Но он так же, как Достоевский, чувствовал крепость цепи, соединяющей прошлое с будущим. Наступая, оно застает не первозданный мир, а лишь то, что в нем сохранилось от прошлого. Рано ли, поздно ли, но когда-нибудь оно застанет пустыню.

Чехов не был в этом смысле ни первым, ни даже вторым.
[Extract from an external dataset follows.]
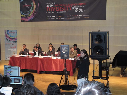 10月28日上午,第三届亚洲电子音乐国际圆桌会议在中央音乐学院成功举行。此次会议由EMSAN(电子音乐研究亚洲网络)和CEMC(中国现代电子音乐中心)联合举办,来自法国、德国、韩国、中国、日本、马来西亚的代表出席会议,并分别进行了论题演讲。应协会主席Marc Battirer的邀请,我系教师陆敏捷进行了《The Primary of Chinese Interactive Music of New Media Art》(中国新媒体艺术之互动音乐十年初探)论题的英文演讲,阐述了中国新媒体艺术之互动音乐在近十年中从“初期探索阶段”到“新媒体全面互动阶段”的历史沿革,论述了中国互动音乐的特征,引起在场国外学者与作曲家对中国互动音乐的关注。EMS(国际电子音乐研究协会)主席,法国作曲家Marc Battier对此给予了高度赞扬。该论文将作为川音第一篇以英文完成的电子音乐论文,被EMSAN研究机构在美国收录与出版。

Это древние мысли, об этом думали за столетия до него: «Падет на землю большая часть великих лесов вселенной… Ничего не останется на земле или под землей и водой, что не преследовалось бы, не перемещалось или не портилось…» (Леонардо да Винчи).

Другое дело, что Чехов был врачом, естественником; он действительно первым обратил внимание на трагическую односторонность технической цивилизации.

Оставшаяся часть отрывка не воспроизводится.